Now I haven’t been tracking any constitutional jurisprudence of late. But I nonetheless found much coincidental irony on the same day as Khadafy’s death in the Congressional tomfoolery noted by U.S. District Court Judge Reggie B. Walton in his October 20, 2011 decision in Dennis Kucinich, et al., v. Barack Obama, et al.
Judge Walton tossed out the suit for lack of subject matter jurisdiction finding that Ohio Congressman Kucinich and his co-plaintiffs and fellow House Members lacked both legislative and taxpayer standing to maintain the action alleging violations of the U.S. Constitution’s War Powers Clause and otherwise challenging the legality of U.S. military operations in Libya. Nine years ago, Congressman Kucinich had a similar War Powers violation suit against President George W. Bush rejected on the same grounds.
Even lawyers who get lost on their way to the courthouse know that to prosecute an action, a plaintiff has to have suffered a “concrete and particularized” injury-in-fact traceable to the act being challenged. “We have consistently held that a plaintiff raising only a generally available grievance about government – claiming only harm to his and every citizen’s interest in proper application of the Constitution and laws, and seeking relief that no more directly and tangibly benefits him than it does the public at large – does not state an Article III case or controversy.” See Lujan v Defenders of Wildlife (1992).
Besides citing Lujan, Judge Walton also relied on No. 96-1671 Raines v. Byrd, 521 U.S. 811 (1997), stating, “The Supreme Court has “consistently stressed that a plaintiff’s complaint must establish that he has a ‘personal stake’ in the alleged dispute, and that the alleged injury suffered is particularized to him.” Raines v. Byrd, 521 U.S. 811, 819 (1997).
“Moreover, the “standing inquiry has been especially rigorous when reaching the merits of the dispute would force [a court] to decide whether an action taken by one of the other two branches of the Federal Government was unconstitutional.” Id. at 819-20.”
Scolded for wasting time and resources.
But given the longstanding line of precedent cited by Judge Walton, i.e., that “[t]he question whether members of Congress have standing to sue Executive Branch officials is neither novel nor unsettled.” Kucinich v. Bush, 236 F. Supp. 2d 1, 4 (D.D.C. 2002), the most refreshing part of the all-too-predictable result was the following footnote: “Interestingly, Representative Kucinich, the lead plaintiff in Kucinich v. Bush, the case in which these words were written, is the lead plaintiff in this case in which members of Congress are again attempting to bring an action against Executive Branch officials. Indeed, the plaintiffs “acknowledge the contrary result” reached by the District of Columbia Circuit in a case also involving alleged presidential violations of the War Powers Clause and the War Powers Resolution. See Pls.’ Opp’n at 17.
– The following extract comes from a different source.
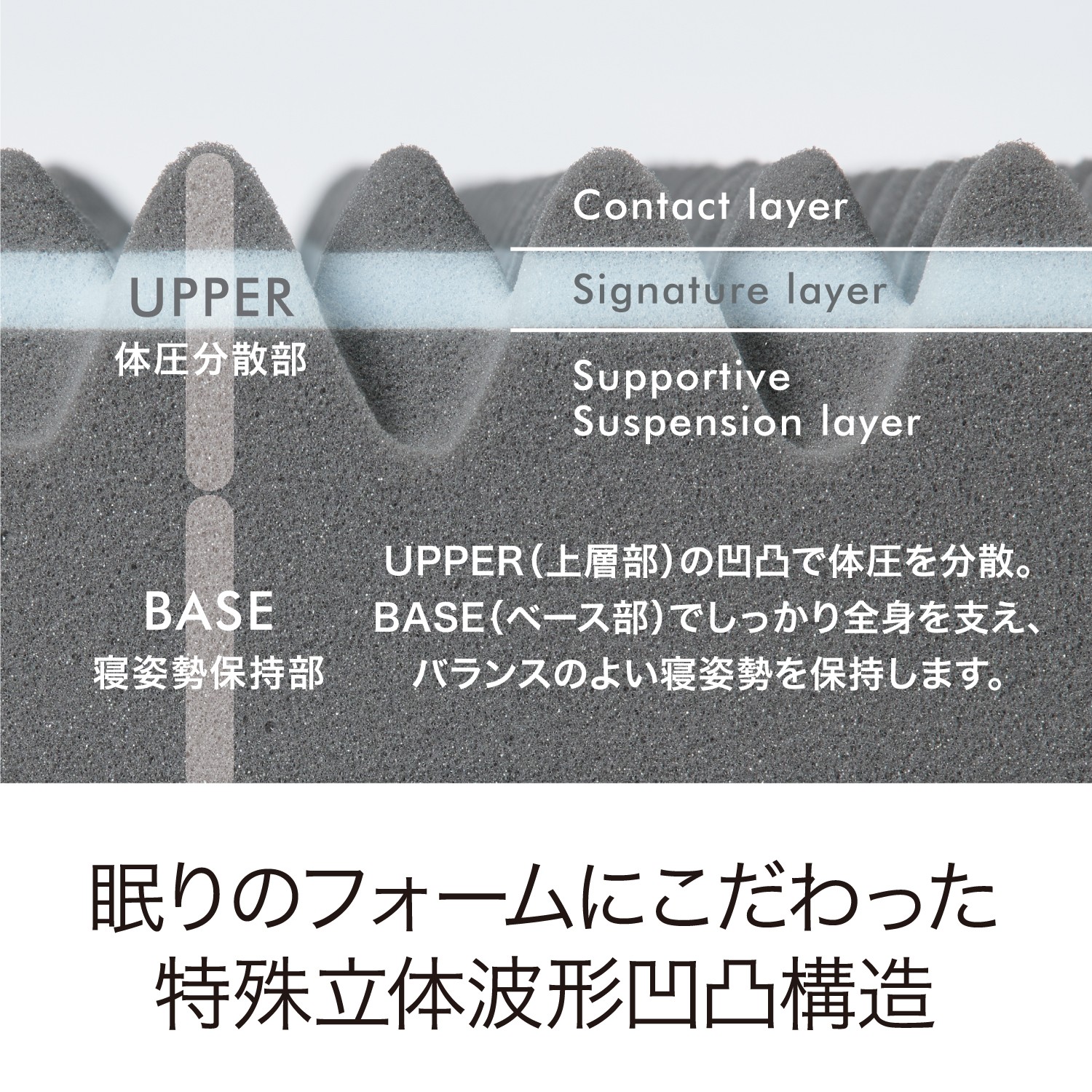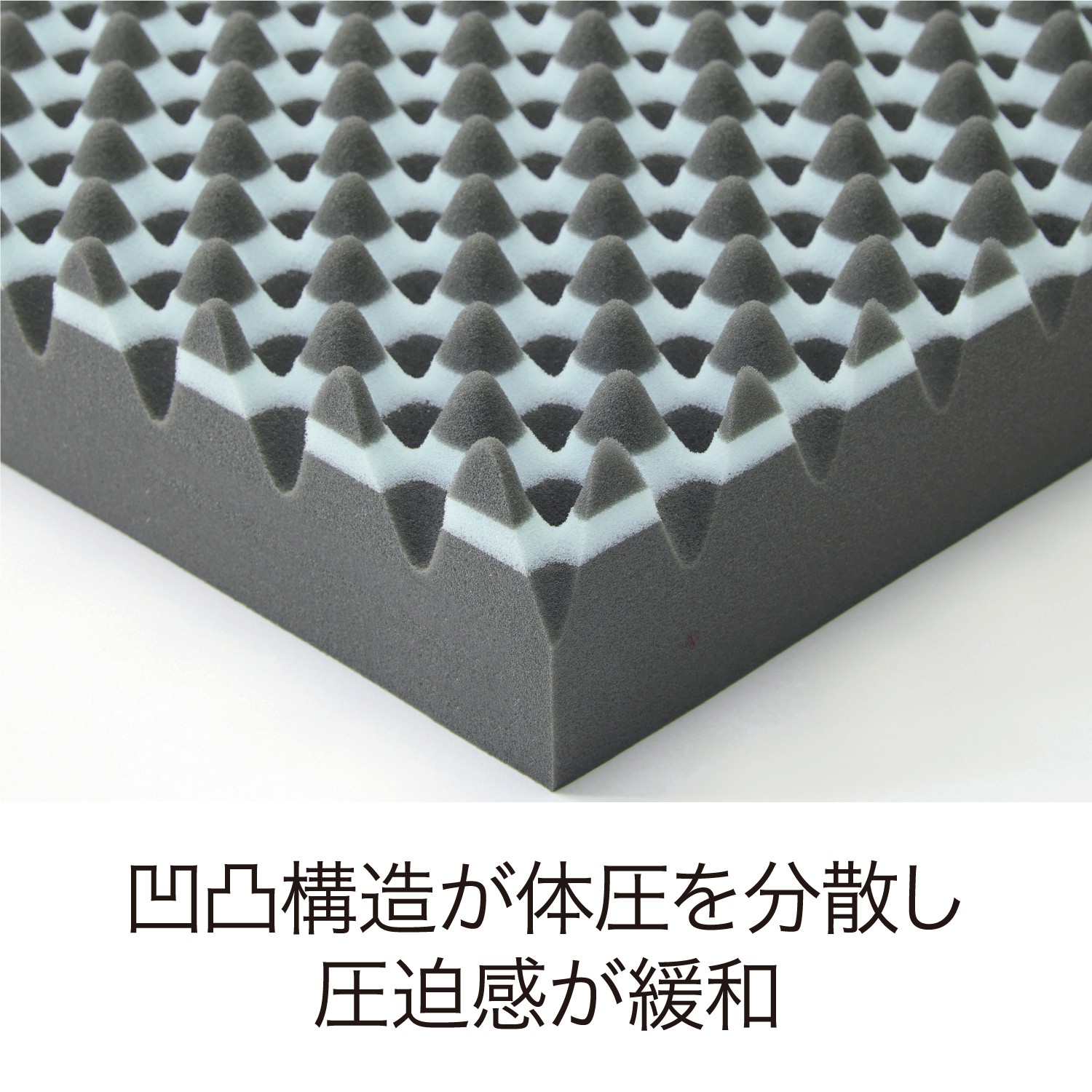 表面の凹凸構造が体圧を分散し、ベース部が体をしっかり支えます。圧迫感が緩和され、寝返りもスムーズに、リラックスしながら睡眠。気持ちの良い目覚めが得られます。

“While there may conceivably be some political benefit in suing the President and the Secretary of Defense, in light of shrinking judicial budgets, scarce judicial resources, and a heavy caseload, the Court finds it frustrating to expend time and effort adjudicating the relitigation of settled questions of law. The Court does not mean to imply that the judiciary should be anything but open and accommodating to all members of society, but is simply expressing its dismay that the plaintiffs are seemingly using the limited resources of this Court to achieve what appear to be purely political ends, when it should be clear to them that this Court is powerless to depart from clearly established precedent of the Supreme Court and the District of Columbia Circuit.”
In other words, stop wasting the court’s time and money with silly political grandstanding. But then politicians being what they are, that will never happen.
Indeed, in an emailed statement following the decision, Congressman Kucinich and fellow Representative and co-plaintiff Walter B. Jones wrote, “Judge Reggie Walton has refused to address the merits of the constitutional claim of our case.” Clearly, the Court’s reasoning went over both their heads. But then as Alexander Pope said in “The Essay of Man,” “The fool is happy that he knows no more.”